--- START ---
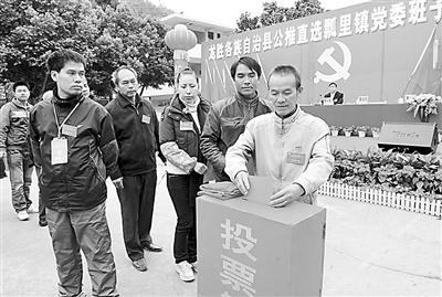 11月16日,广西龙胜各族自治县瓢里镇举行党员大会,公推直选镇党委班子。477名到会党员在听取14名进入复选的候选人的竞职演说后,当场投票选出镇党委书记1名、副书记2名、党委委员6名。此次“公推直选”,全县共有67名党政干部报名自荐,56人通过资格审查。通过个人自荐、组织推荐、群众举荐,最后党员大会投票直选乡镇党委班子的“公推直选”方式在广西尚属首次。 新华社记者 陈瑞华 摄
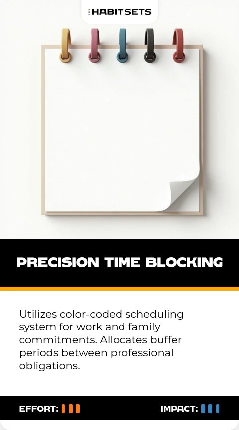 Utilizes color-coded scheduling system for work and family commitments. Allocates buffer periods between professional obligations.
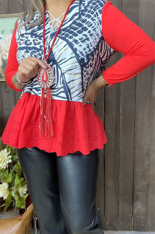 SaleGJQ15031 Black striped Red block printed 3/4 sleeve ruffle hem women tops
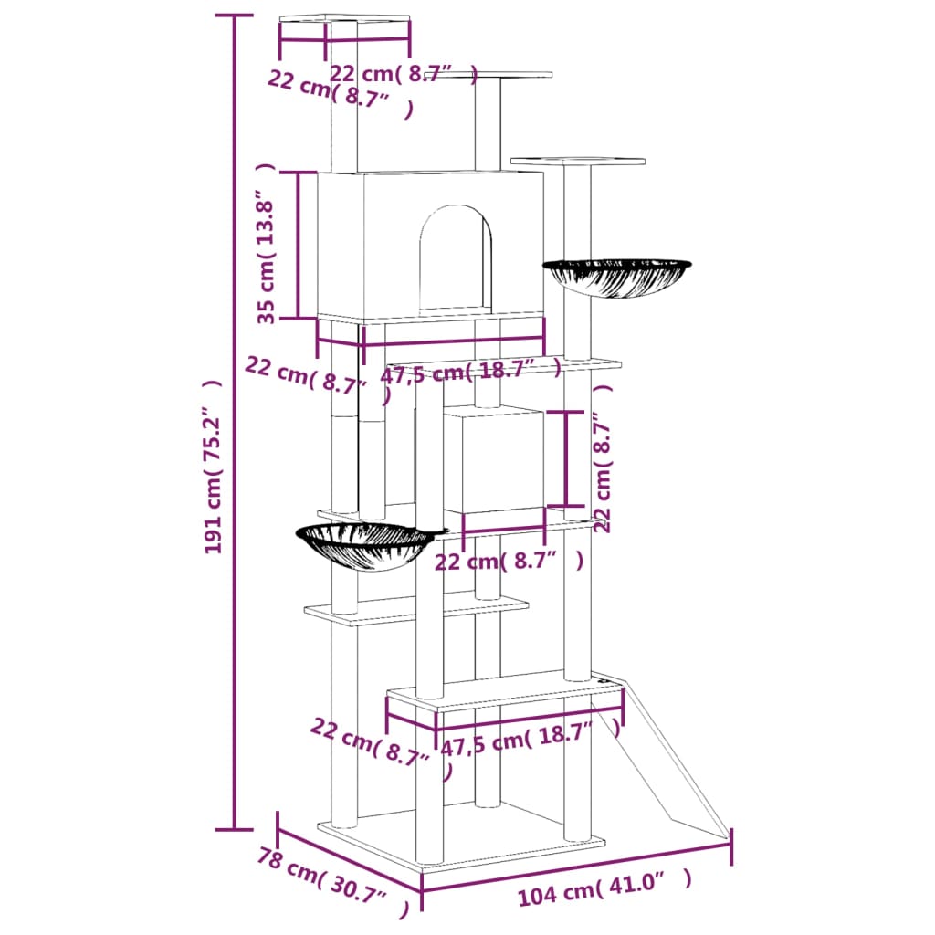 vidaXL Kratzbaum mit Sisal-Kratzsäulen Hellgrau 191 cm
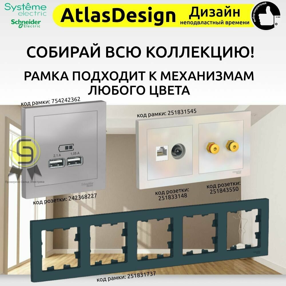 Розетка одноместная компьютерная электрическая Systeme Electric Atlas Design RJ45 кат.5E, Грифель ATN000783 - 5 шт.
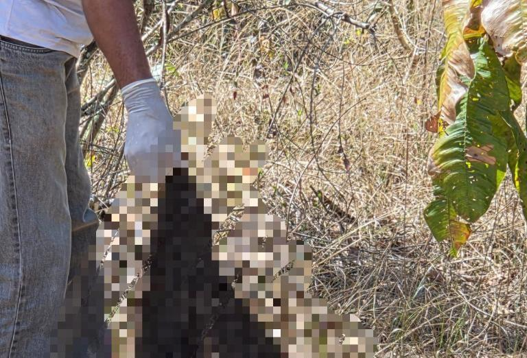 Segundo a análise técnica, os indícios observados na cena do crime apontam que a morte tenha ocorrido em circunstâncias de homicídio, já que a vítima apresentava sinais de tortura, com as pernas amarradas e a cabeça localizada a cerca de 10 metros do corpo, caracterizando decapitação.
--- END ---
→ **WORK REQUEST**: Make a word-for-word repeat of the material, skipping all pictures.

→ **ANSWER FOR THE TASK**:
 11月16日,广西龙胜各族自治县瓢里镇举行党员大会,公推直选镇党委班子。477名到会党员在听取14名进入复选的候选人的竞职演说后,当场投票选出镇党委书记1名、副书记2名、党委委员6名。此次“公推直选”,全县共有67名党政干部报名自荐,56人通过资格审查。通过个人自荐、组织推荐、群众举荐,最后党员大会投票直选乡镇党委班子的“公推直选”方式在广西尚属首次。 新华社记者 陈瑞华 摄
 Utilizes color-coded scheduling system for work and family commitments. Allocates buffer periods between professional obligations.
 SaleGJQ15031 Black striped Red block printed 3/4 sleeve ruffle hem women tops
 vidaXL Kratzbaum mit Sisal-Kratzsäulen Hellgrau 191 cm
 Розетка одноместная компьютерная электрическая Systeme Electric Atlas Design RJ45 кат.5E, Грифель ATN000783 - 5 шт.
 Segundo a análise técnica, os indícios observados na cena do crime apontam que a morte tenha ocorrido em circunstâncias de homicídio, já que a vítima apresentava sinais de tortura, com as pernas amarradas e a cabeça localizada a cerca de 10 metros do corpo, caracterizando decapitação.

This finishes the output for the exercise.